Четвертый этаж детской областной больницы. Вечером собираю пакет с необходимым и продумываю, как быстрее в случае обстрела спустить ребенка в укрытие. Это гардероб в подвальном помещении. На меня смотрят как на безумную. Три ночи, больше не выдерживаю. Не долеченного ребенка под неимоверный гул военных самолетов над городом, увожу тогда еще в мирный город. Неделю не выхожу со двора. Собрав себя и сумку, вывожу ребенка тогда еще с красивого железнодорожного вокзала. В отпуск. Пять лет уже «отдыхаю»'.

Светлана, до войны жила в Донецке:

– У меня было 8 минут. Именно столько было времени, пока приехало такси. А за полчаса до этого замешивала блинчики, пока не позвонила подруга и не стала кричать, чтобы мы с сыном уезжали, потому что сейчас у нас будут обстрелы. Она мне кричала в трубку, что у них горит уже заправка, школа и супермаркет. А потом я увидела черное небо от ворон и услышала «бахи», отдающие эхом.

Ватные ноги, тошнота и нужно было что-то делать. Я набрала номер такси и собиралась 8 минут. Мы ехали по пустому городу, подбирая и подвозя по ходу каких-то людей. Я ехала с Абакумова на Ветку к брату. Я тогда не знала, что там тоже будет «весело».

На следующее утром мы уехали на море. И у нас не было чемодана. Был пакет с документами, там еще куртка, купальник и ноутбук.

Мой муж не поехал с нами, потому что дома были кот, кошка и пятеро еще слепых котят. Он рассказывал, как они все вместе во время обстрелов сидели. А когда кота выбросило взрывной волной, муж его под обстрелами сутки искал. Нашел под домом в кустах.

У моего брата был потрясающей красоты аквариум и он первое время просил кормить рыбок. Все время спрашивал не за вещи, которые остались в квартире, а как рыбки. Но квартира была недалеко от аэропорта и ездить, чтобы кормить рыбок, становилось все опасней. И брат перестал просить, но я видела, как ему было больно.
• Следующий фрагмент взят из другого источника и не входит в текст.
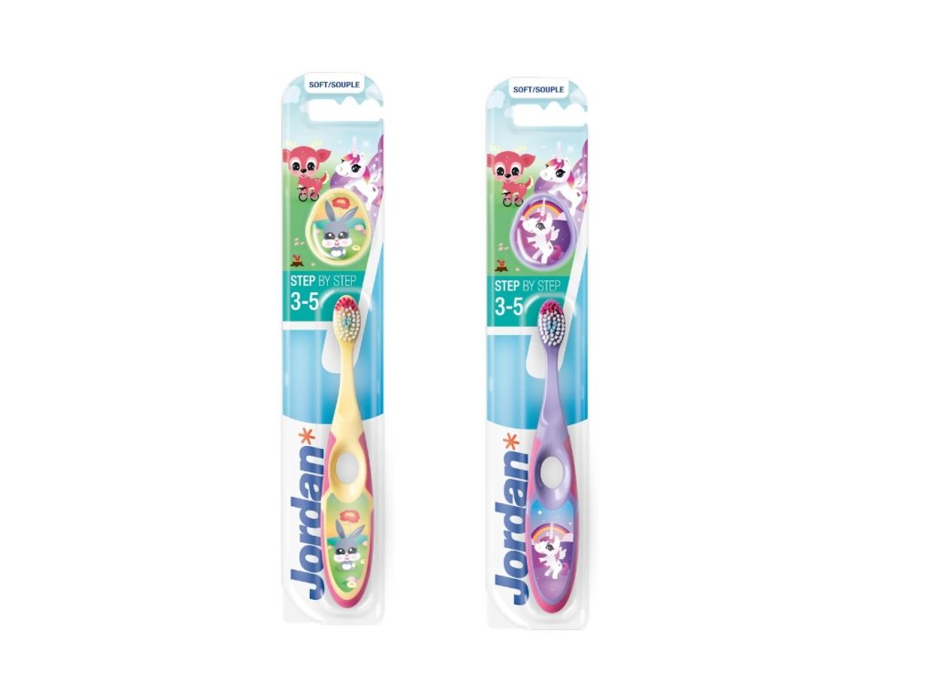 Jordan dětský zubní kartáček 3-5 let Soft pro předškolní děti navazuje na kartáček s kousátkem pro děti do dvou let. Kartáček byl navržen speciálně pro čištění mléčných zubů. Kulatá hlava a měkké štětinky usnadňují čištění okolí zubů. Barevné štětinky udávají doporučené množství zubní pasty. Štětinky s dvojitou hustotou čistí efektivněji. Prodloužená rukojeť je koncipovaná pro pohodlné společné čištění rodičů s dětmi, ale i pohodlné držení pro děti a jejich samostatné čištění bez možnosti vsunutí zubního kartáčku nepříjemně daleko do krku. Malá oblá hlavička s měkkými vlákny umožňuje snadnou manipulaci v dětských ústech. S kartáčkem s barevným designem od značky Jordan uděláte z čištění zubů neobvyklé dobrodružství.

Анжелика, до войны жила в Ясиноватой (Донецкая обл.):

– Я уезжала с двумя сыновьями – 2 и 4 года, а еще свекровь не от мира сего, собака, два чемодана и велосипед. Я не смогла забрать кошку. Ей было 17 лет, и ветеринары отказались делать прививку. Мне плевать на микроволновки, посудомойки, квартиры. Моя Мышка умерла без меня. Я не вернулась туда больше. Это – моя вина и мои слезы все 5 лет.
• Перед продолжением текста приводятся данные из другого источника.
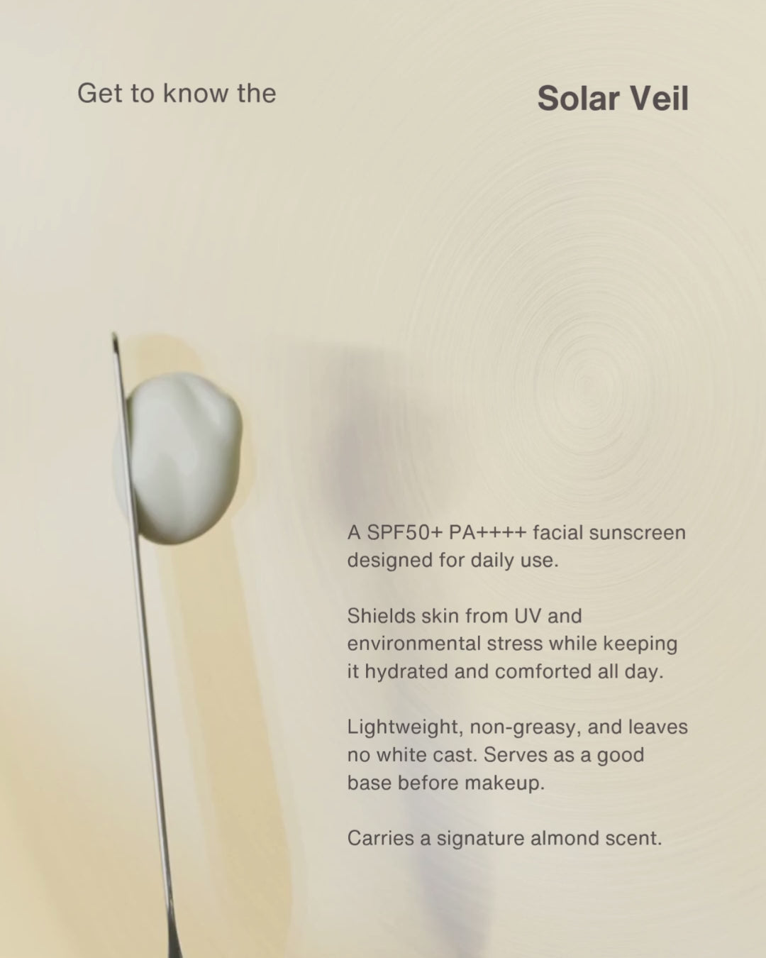 Calm and comfort your skin with this blend of soothing agents. Allantoin and Panthenol help reduce redness and irritation, while Hydrogenated Lecithin supports the skin barrier, making the Solar Veil gentle enough for daily use, even on sensitive skin.

Екатерина, до войны жила в Донецке:

– После ночи, проведенной в подвале, я с детьми вышла на улицу. Город весь в чаду, все тянутся в сторону железнодорожного вокзала. И мы по инерции тоже пошли. Было очень страшно. Люди все отрешенные, понятно было без слов, что никто не спал – ни взрослые, ни дети, ведь все сотрясалось так, что в ушах звенело. Возле вокзала стояли автобусы. Мы сели в тот, где были места и поехали в южное направление. С собой были документы, деньги и первое необходимое для детей. Думали на две недели, не дольше, но уже в августе будет 5 лет. И если честно, я и по прошествии этих лет боюсь снова оказаться в той же ситуации. Сегодня нет и 10% уверенности в завтрашнем дне, что он будет мирный и спокойный. Кто не прошел это кошмар, никогда не поймет, что в его стране идет война.

Надежда, до войны жила в Луганске:

– Мы не могли вещи собрать. Всю ночь просидели в подвале. С собой была сумка с документами, тормозком и теплыми вещами для детей. В 4 утра вылезли из подвала, а квартира разбита. В темноте, среди кирпичей, кое-какие вещи пособирала. Себе ничего не нашла. Так и уехали, в чем в подвале сидели.